WHAT IS EXPECTED:
When you reach the line with "SIM : Nomor" in the records below, begin transcribing exactly and continue up to and including the line with "Prima Banke sme", leaving out every picture.

SUPPLIED ENTRIES:
***
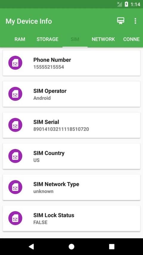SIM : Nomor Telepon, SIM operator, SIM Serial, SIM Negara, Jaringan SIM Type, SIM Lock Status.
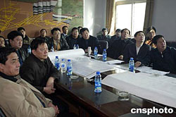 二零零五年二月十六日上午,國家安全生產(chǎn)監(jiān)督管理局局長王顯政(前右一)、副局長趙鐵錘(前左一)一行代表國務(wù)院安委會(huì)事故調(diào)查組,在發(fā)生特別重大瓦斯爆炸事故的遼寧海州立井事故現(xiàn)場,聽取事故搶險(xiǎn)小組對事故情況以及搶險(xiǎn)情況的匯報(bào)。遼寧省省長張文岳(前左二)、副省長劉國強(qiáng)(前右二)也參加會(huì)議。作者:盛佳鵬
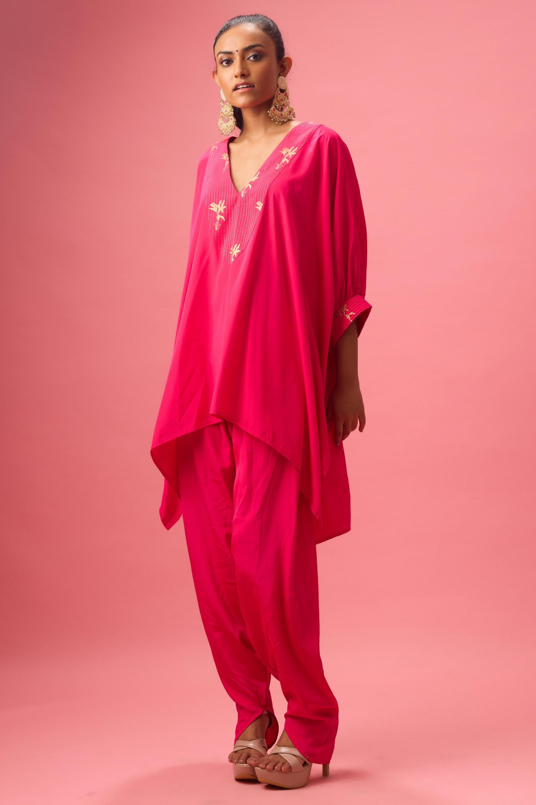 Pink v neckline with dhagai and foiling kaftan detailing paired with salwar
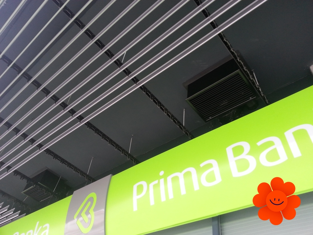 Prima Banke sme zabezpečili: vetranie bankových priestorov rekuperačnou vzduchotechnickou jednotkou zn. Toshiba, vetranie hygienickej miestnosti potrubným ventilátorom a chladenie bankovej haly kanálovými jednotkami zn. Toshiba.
***
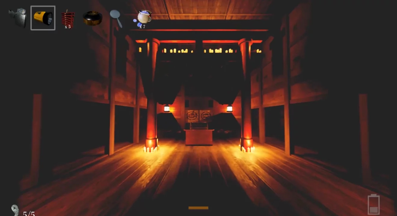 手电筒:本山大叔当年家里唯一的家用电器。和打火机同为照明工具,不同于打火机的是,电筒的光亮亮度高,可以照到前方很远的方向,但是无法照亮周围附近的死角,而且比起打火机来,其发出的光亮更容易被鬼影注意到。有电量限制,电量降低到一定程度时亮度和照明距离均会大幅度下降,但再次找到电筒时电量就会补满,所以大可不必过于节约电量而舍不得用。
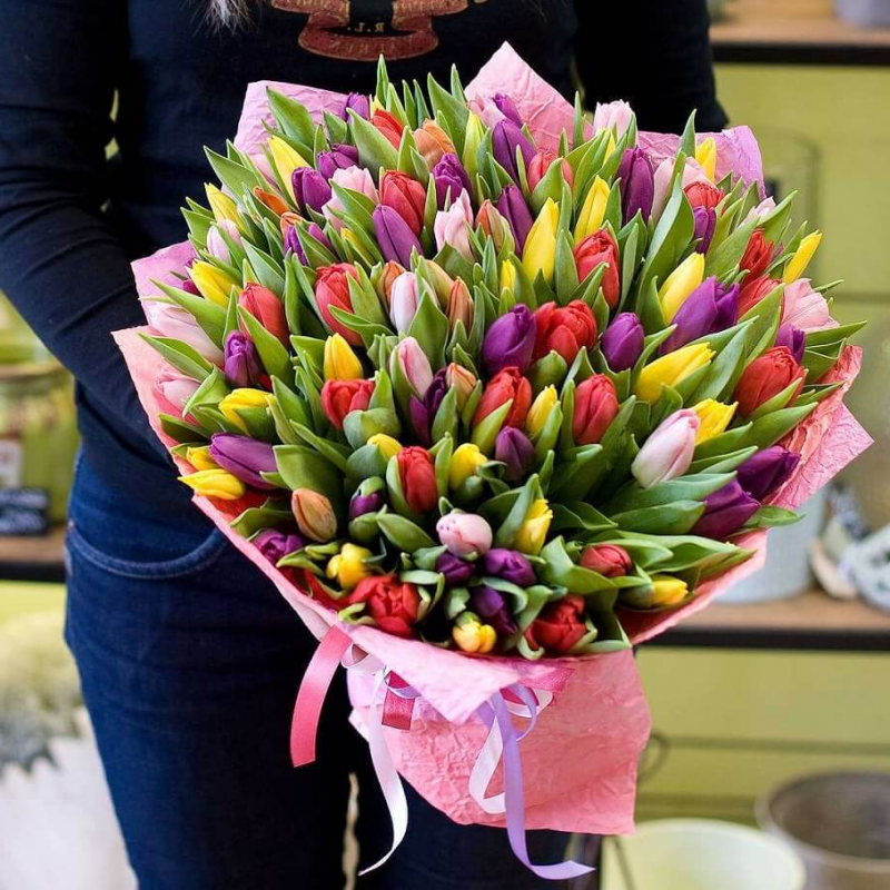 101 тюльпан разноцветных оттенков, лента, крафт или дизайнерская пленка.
***
REPLY:
SIM : Nomor Telepon, SIM operator, SIM Serial, SIM Negara, Jaringan SIM Type, SIM Lock Status.
 二零零五年二月十六日上午,國家安全生產(chǎn)監(jiān)督管理局局長王顯政(前右一)、副局長趙鐵錘(前左一)一行代表國務(wù)院安委會(huì)事故調(diào)查組,在發(fā)生特別重大瓦斯爆炸事故的遼寧海州立井事故現(xiàn)場,聽取事故搶險(xiǎn)小組對事故情況以及搶險(xiǎn)情況的匯報(bào)。遼寧省省長張文岳(前左二)、副省長劉國強(qiáng)(前右二)也參加會(huì)議。作者:盛佳鵬
 Pink v neckline with dhagai and foiling kaftan detailing paired with salwar
 Prima Banke sme zabezpečili: vetranie bankových priestorov rekuperačnou vzduchotechnickou jednotkou zn. Toshiba, vetranie hygienickej miestnosti potrubným ventilátorom a chladenie bankovej haly kanálovými jednotkami zn. Toshiba.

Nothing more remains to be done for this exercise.